RT-PCR analyses with primers designed to amplify cLEAP-2 and sequencing of the cDNA products revealed cLEAP-2 expression in the small intestine, liver, lung, and kidney of 5-day-old chicks (Fig. 2A). Expression was also observed in the small intestinal tissues of chickens at 5 and 72 weeks of age. In contrast, no expression was detected in samples analyzed from the pancreas, brain, spleen, or ovary. Translation of the cDNA sequences isolated from each of the chick RNA samples into putative amino acid sequences revealed a peptide of 76 amino acids with significant identity to that encoded by the EST 497m18 clone (Fig. 3). Only three amino acid changes were observed, including the substitution of aspartic acids at positions 21 and 44 for tyrosine and valine residues, respectively, and the substitution of a proline at position 52 for a serine residue. Analyses of the encoded primary structure of the cLEAP-2 peptide indicated a putative signal sequence, suggesting that the peptide was secreted, and a unique proregion of 12 amino acids terminated by an endoproteinase cleavage site, RLKR, indicating that the propeptide was proteolytically cleaved to release the mature active peptide (14). The predicted molecular masses of the pro- and mature peptides were 6,074.2 and 4,593.3 Da, respectively (ExPASy Peptide Mass Program). Typical of cationic antimicrobial peptides, the mature peptide was composed of a high percentage of positively charged and hydrophobic amino acids, and within this region, four conserved cysteine residues were identified.
FIG. 2.
(A) Expression of cLEAP-2 in 5-day-old chick tissues. M, ladder standards; SI, small intestine; Li, liver; Sp, spleen; Lu, lung; Pa, pancreas; Ov, ovary; Br, brain; Ki, kidney. (B) Expression of cLEAP-2 in the small intestine of an 18-day chicken embryo (Em), a 5-week-old bird, and a 72-week-old bird.
FIG. 3.
The cDNA and peptide sequences of cLEAP-2. The prepropeptide contains 76 amino acids. The signal peptide is underlined, the propeptide is terminated by the motif RLKR (shown in bold), and the positions of introns 1 and 2 are marked by vertical arrows. The amino acids differing from those predicted from the chEST clone 497m18 and the four conserved cysteines are shown in italics. The nucleotide sequence of the 3′ and 5′ untranslated regions are presented, with locations of the TATA box (TATT), a putative NF-κB binding site (GGGCTCTTCC), and polyadenylation site (AATAAAA) indicated by underlining.

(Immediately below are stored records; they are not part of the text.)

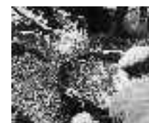
Llenando el cenacho de pescado. Carboneras. Hacia 1960 Col. Cofradía de Pescadores de Carboneras Página: 38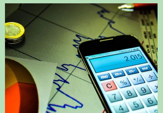
Brasil tem menor nível de incerteza econômica desde 2017

O termômetro usado pelo IIE-Br para medir a expectativa do mercado é o Boletim Focus, divulgado semanalmente pelo Banco Central. A edição desta segunda-feira traz expectativa de queda da inflação e da taxa Selic, a taxa básica de juros da economia.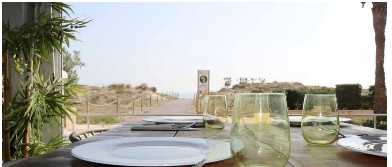
Terraza del restaurante Saoco, en pleno paseo marítimo de Canet.

Pero el verano del 2021 se prevé mucho mejor. Con una parte importante de la sociedad ya vacunada, con menos restricciones y con mucha más responsabilidad y concienciación, las fuentes consultadas por El Periódico DE AQUÍ en distintos sectores comerciales de Canet d'En Be-

Analyses of small intestinal RNA from an 18-day-old chicken embryo revealed a unique 100-bp PCR product (Fig. 2B) which was also detected in the kidney tissues (Fig. 2A). This was identified as a putative cLEAP-2 splice variant in which the DNA sequence encoding amino acids 21 to 65 of cLEAP-2 had been excised.
Hybridization of the 32P-labeled cLEAP-2 probe to poly(A+) RNA isolated from the chick brain, small intestine, kidney, liver, and lung verified the patterns of cLEAP-2 expression observed by RT-PCR in the liver, small intestine, and brain tissues but not in the kidney or lung (Fig. 4A). This lack of correlation in the latter tissues may have reflected the reduced sensitivity of the Northern analyses compared to the RT-PCR. Interestingly, the analysis of liver mRNA isolated from tissues of 4-day-old birds revealed two transcripts of approximately 1 and 2 kb, respectively, hybridizing to the cLEAP-2 probe, of which the latter appeared to be more highly expressed. In contrast, only the 1-kb transcript was identified in mRNA isolated from the small intestine. Surprisingly, Northern analyses of liver mRNAs isolated from 8-day-old birds did not reveal the larger 2-kb transcript (Fig. 4B).
FIG. 4.
Northern blot analysis. (A) cLEAP-2 expression in 5-day-old chick tissues. (B) cLEAP-2 expression in the liver tissues of 8-day-old birds following infection with Salmonella or PBS. Lanes: 1, S. enterica serovar Typhimurium 1344; 2, S. enteritidis: 3, control birds given PBS.
Inducibility.
Antimicrobial peptides can be either constitutively expressed or induced in response to microbial infection, and regulation is often dependent on the site of synthesis. For example, bovine β-defensins are induced in some epithelial cells (20) but constitutively expressed in granulocytes (26). Similarly, gallinacin-3 has been shown to be constitutively expressed in the avian skin and tongue but inducible in the trachea (28). To determine whether the expression of cLEAP-2 in the small intestine and liver was constitutive or inducible in response to Salmonella infection, S. enteritidis, S. enterica serovar Typhimurium SL1344, or PBS was introduced to groups of 5-day-old chickens by gavage. After 4 days of infection, the liver and small intestines of the birds were extracted and analyzed for cLEAP-2 RNA expression by semiquantitative RT-PCR with the 1F-3R primer pair. This allowed amplification of cDNAs putatively encoding the cLEAP-2 prepropeptide. A significant increase (P < 0.01) in small intestinal cLEAP-2 expression was detected in the birds infected with Salmonella (Fig. 5), and a similar response was recorded in the liver (P < 0.01). These increases were observed regardless of the Salmonella strain and suggested that cLEAP-2 expression was induced in the avian tissues in response to either local or systemic infections.
FIG. 5.
Induction of cLEAP-2 expression in chick small intestinal and liver tissues following oral infection with Salmonella. RT-PCR analyses were performed on the chick tissues 3 days after infection. The number of experimental observations in each group was four, and values are means ± standard errors of the means. 1344, S. enterica serovar Typhimurium SL1344; SE, S. enteritidis: C, control birds given PBS; *, P < 0.01 compared to the appropriate control.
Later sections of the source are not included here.